Based on the bar chart below, we can see that office supplies and technology show a higher average profit.
ggplot(df_store, aes(x = category, y = profit)) +
geom_col() +
labs(title = "Average Profit by Category", x = "Category", y = "Average Profit")
This faceted bar chart compares the profit for each category in each region
ggplot(df_store, aes(x = category, y = profit)) +
geom_col() +
facet_wrap(~ region) +
labs(title = "Average Profit by Category and Region", x = "Category", y = "Average Profit")
Question 1:
Are sales in certain regions higher compared to others?
Question 2:
Is there a significant difference in profit between different categories?

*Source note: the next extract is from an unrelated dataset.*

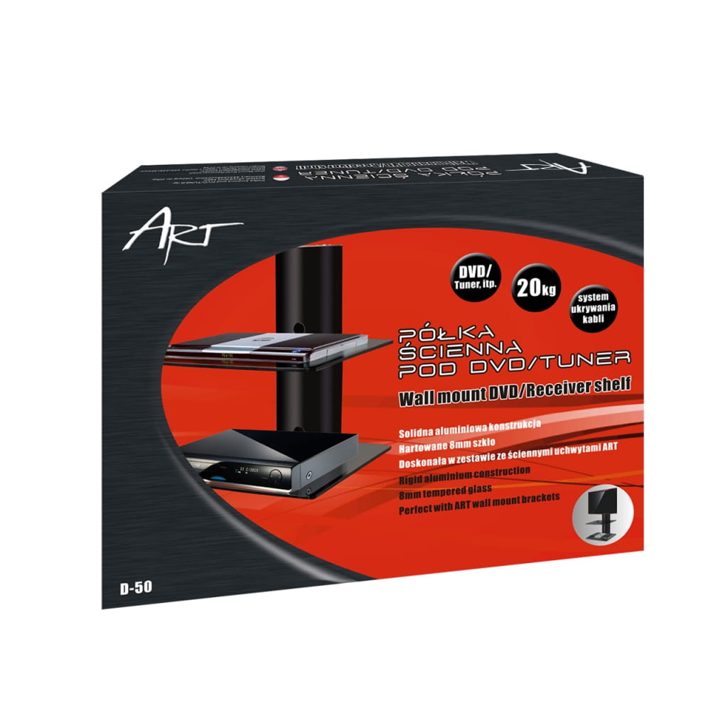 Producent: ART;Symbol producenta: D-50;Rodzaj produktu: Półka pod DVD/Tuner;Przeznaczenie: Półka pod DVD/Tuner itp do montażu na ścianie;Maksymalne obciążenie półki: 20 kg (2 x 10 kg);Wymiary (WxGxSZ): 535 x 355 x 445 mm;Materiał wykonania : Szyby: hartowane szkło, nogi: aluminium;System ukrywania kabli: Tak;Sposób lakierowania: Proszkowo;Inne cechy: Wideo prezentacja (skopiuj link do przeglądarki): http://www.youtube.com/watch?v=S2LIuRK5Tcs±list=UUmrfsiESTVdPpFUdTQE9ogQ±feature=c4-overview;Gwarancja: 24 miesiące;Dopuszczenie do obrotu w RP: Tak;Kraj pochodzenia: Chiny;

We can conclude that certain regions have higher sales compared to others. We reject the null hypothesis. We also have evidence that office supplies and technology have higher profits compared to furniture. Therefore, we can also reject the second questions’ null hypothesis.
I used t tests and ANOVA to test the means of each in my analysis. The results showed that there is a significant difference in profit between different categories, with office supplies having a lower mean profit than the other categories. I provided visualizations to better understand what the tests where showing. Overall, the analysis suggest that we may benefit from focusing our time and business decisions on higher profit categories and regions such as office supplies and technology in our east and west regions.
Further analysis on this data may be warranted to determine why and how these factors are contributing to these differences.